J'avais déjà abordé ce sujet qui a une certaine importance chez Lacan (voir le billet "métonymie et métaphore"). Et si nous quittons Lacan pour Deleuze, on peut ajouter que dans ce que la volonté de notre chasseur-cueilleur a d'indéterminé, pour un contemporain de la scène, dans l'instant de son émergence, on peut dire que cette création est une actualisation de quelque chose d'indéterminable a priori, de l'ordre du virtuel; tandis qu'une fois figé, écrit, les avatars de ce récit sont limitées à ses potentialités (par exemple dans notre exemple, le nombre de traces est identique sous nos trois formes d'écritures, et nous retombons sur nos isomorphismes.)

PS du 18/09/2016

Je note ici, pour ne pas l'oublier, cette pensée au réveil. Je me suis endormi hier, en regardant quelques textes concernant les 4 modes du discours de Lacan. En effet, je pense remonter sur Paris pour le 2/10, afin de rencontrer quelques psy de Dimpsy à l'institut théologique protestant et je pensais que c'était un bon exercice pour moi de revisiter la structure (le mathème) soutenant les 4 discours. Bien entendu cette structure est bancale, puisque l'on ne situe pas celui qui parle dans le schéma lui-même, et qu'elle représente un "mouvement" sans théorie ni représentation du temps etc... Et, me dis-je au réveil, en fait d'utilité sociale, même les Américains avec leur analyse transactionnelle sont plus clairs que Lacan. Je dis ceci au risque de choquer la bien-pensance lacanienne, mais bon ce n'est pas le sujet.

Et, c'est là le point que je ne veux pas perdre: d'Américain, et d'AT, je saute à la PNL, car les deux sont marqués par leur origine commune dans mon esprit, avec en arrière plan cette recherche d'un sujet d'étude à traiter avec Yannick. Trouver un "observable" par imagerie médicale, qui puisse conforter mon approche. Et parmi les idées, celle-ci qui me trotte dans la tête: le temps est une construction binaire (nécessitant deux plans Ik et Ik+1) tout comme notre vue binoculaire (avec un oeil directeur et l'autre qui suit).
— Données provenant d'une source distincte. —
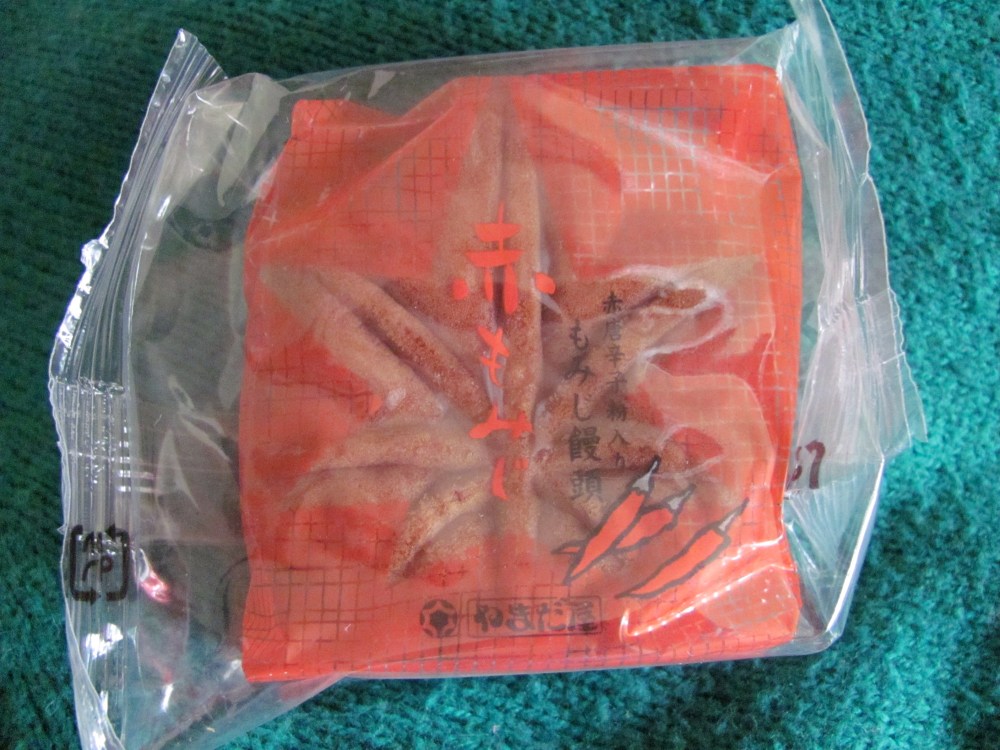 Since most of the momiji manjû I saw came in sweet flavors like azuki (traditional), fruit or nuts, the chili-pepper (aka togarashi, 赤唐辛子) variety really jumped out at me. The filling and shell are both reddish. According to the website, this flavor is made with powdered capsicum (chili pepper) and ingen mame (インゲン豆)–I get wax bean as a translation for this; most pictures look like the green beans I buy at the grocery stores here. Shiro [white] ingen mame (白インゲン豆) are navy beans. Are there any bilingual bean experts out there?
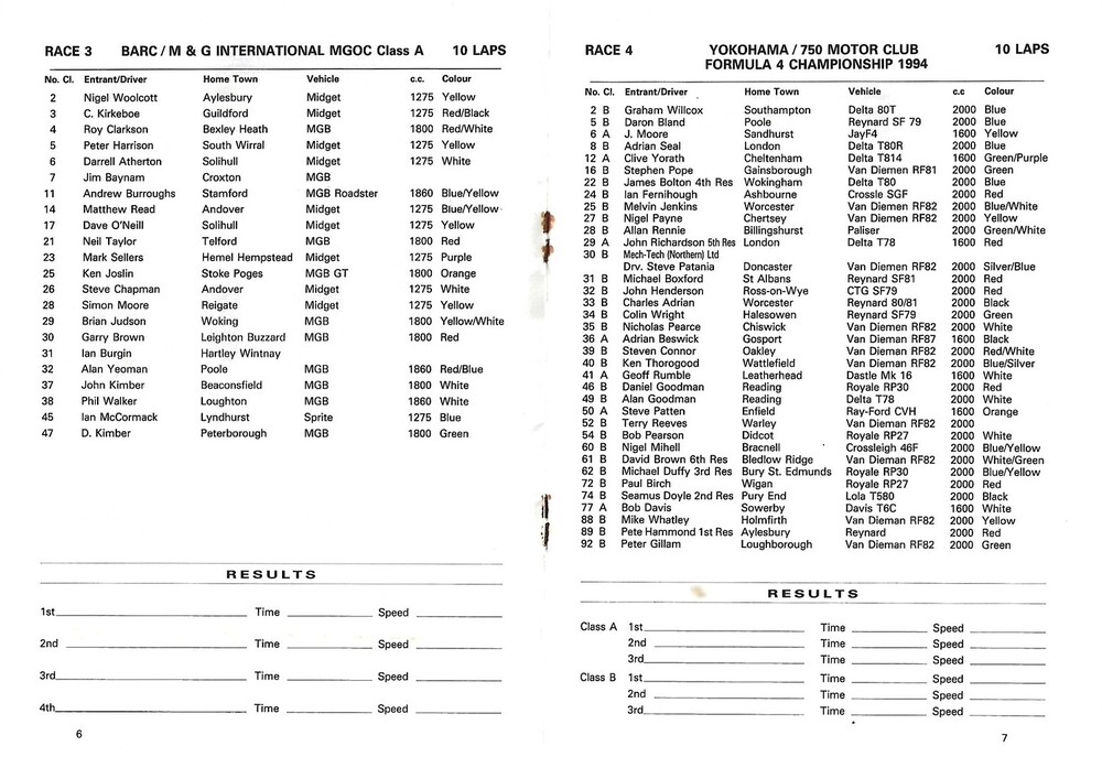 1994 Silverstone SUNBAC Meeting (29/10/1994) Motor Racing Programme

La vision binoculaire est, comme notre perception du temps "différentielle". Et ce rapprochement temps / vision m'évoque la PNL. Et oui : selon que je me projette dans l'avenir ou le passé, je tourne les yeux d'une façon ou d'une autre (il faudrait que je retrouve. A priori, la gauche c'est le passé, la remémoration et la droite la projection, l'imagination). Et il y a bien là un rapport qui s'établit entre vision et temporalité..... Peut-être une piste à creuser ? On va bien arriver un jour ou l'autre à caractériser ce passage d'une conscience diachronique du temps à sa représentation synchronique, telle que nous le racontent les mathématiciens !

(1) Nota du 16/01/2017:

Dans cet ordre d'idée, le mathématicien introduit en logique, une différence droite / gauche par le signe ┤ (voir par exemple l'introduction à la logique catégorique d'Alain Poutré.)